Ugly Betty’s got it bad, but Becky Johnson’s got it worse. Try being the only lesbian on a top women’s fashion magazine, darling...
At 23 years old Rebecca Johnson is the epitome of success: she’s got a jealous-making job working for British society mag Reine, a fab flat in London and a continuous stream of attractive men passing through her sheets. This all sounds rather impressive, but in reality Becks sells the ads, shops in H&M and would rather go home with a girl in Manolos than Prince William in Armani.

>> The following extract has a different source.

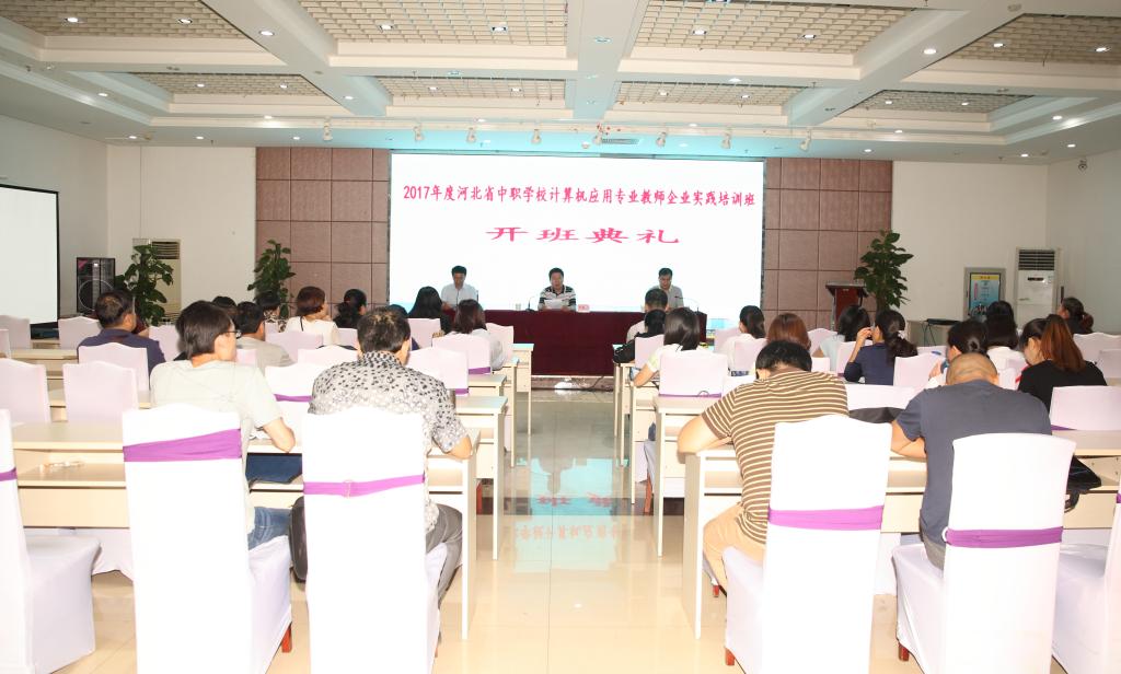 8月29日上午,Beat365举行2017年度河北省中等职业学校计算机应用专业教师企业实践培训班开班典礼。校党委常委李佩国出席开班典礼并讲话。33名参训学员、培训班企业实践指导教师、继续教育学院负责人及相关管理人员参加了开班典礼。

She hails from the blue-collar suburbs, but tells everyone she’s from upper crust Eton and neither her champagne supping colleagues nor her working class parents know that she’s gay. Quite partial to three inch stilettos, and convinced that combat boots were sent by the devil, Becks is having more than a little trouble coming to terms with her sexuality and fitting in with the lesbians. Her life has become one big plastic lie and she’s desperate to change it, but can she find true love in a scene filled with multiple piercings and motorbikes?
With a little help from wacky roommate Vron and gay, goth friend Luke, Becks sets out to turn around the disaster that has become her life. There are hellish blind dates with a coke-snorting model booker and bitch troll charity worker, moments of personal guilt and horror as she’s forced to join in with her colleagues’ homophobia in order to maintain her secret, and hysterical high jinx when the world of high society collides with that of her working class family. Of course, confrontation is inevitable when Becks realises that coming out isn’t for the faint-hearted and she finds herself forced to climb over those shoeboxes and out of that closet.